Small knowledge, big challenge! This article is participating in the creation activity of “Essential Tips for Programmers”.
First, feature scaling
If a feature has a much larger range of values than other features, numerical calculations (such as calculating Euclidean distances) are dominated by that feature. But it doesn’t have to be the most important feature, and it’s often necessary to treat each feature as equally important. Normalized/standardized data allows the features of different dimensions to be compared together and can greatly improve the accuracy of the model. In addition, when using gDA to solve optimization problems, normalization/normalization of data can speed up the solution speed of gDA.
(I) Normalization of data
Data normalization is the processing of values in the range of 0-1 or -1-1.
Any data converted between 0 and 1:
newValue = (oldValue-min)/(max-min)
Copy the code
Any data is between -1 and -1
NewValue = ((oldValue - min)/(Max - min) 0.5) * 2Copy the code
(2) Mean standardization
Mean normalization is scaling the value range to the range [-1, 1] and the mean of the data to 0.

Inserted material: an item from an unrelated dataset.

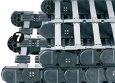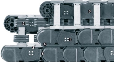 Mit dem wartungsarmen igus® System P4 kann eine sichere Energiezuführung auf langen Wegen bis 800 m für Krananlagen oder Fördersysteme realisiert werden. Das Obertrum und das Untertrum rollen versetzt aufeinander. Dadurch werden die tribooptimierten Kunststoff-Rollen nicht überrollt, sondern rollen auf einer durchgängigen, breiten Rollfläche. Durch die kammartigen AUTO-GLIDE-Stege und das spezielle Rinnensystem wird die P4 e-kette® sicher geführt. Ideal für Anwendungen mit hohen Verfahrgeschwindigkeiten (bis 10 m/s) und großen Füllgewichten (bis 30 kg/m)

Let x be the characteristic data, u the mean value of data, and S the variance of data
newValue = (oldValue-u)/s
Copy the code
(3)Considerations for feature scaling
First, the data should be divided into training set and verification set, and the required values (such as mean value and standard value) should be calculated on the training set, and the data of the training set should be standardized/normalized (it should not be standardized/normalized on the whole data set, because it will bring the information of the verification set into the training set). The same normalization/normalization is then performed on the validation set data using previously calculated data such as mean and standard values.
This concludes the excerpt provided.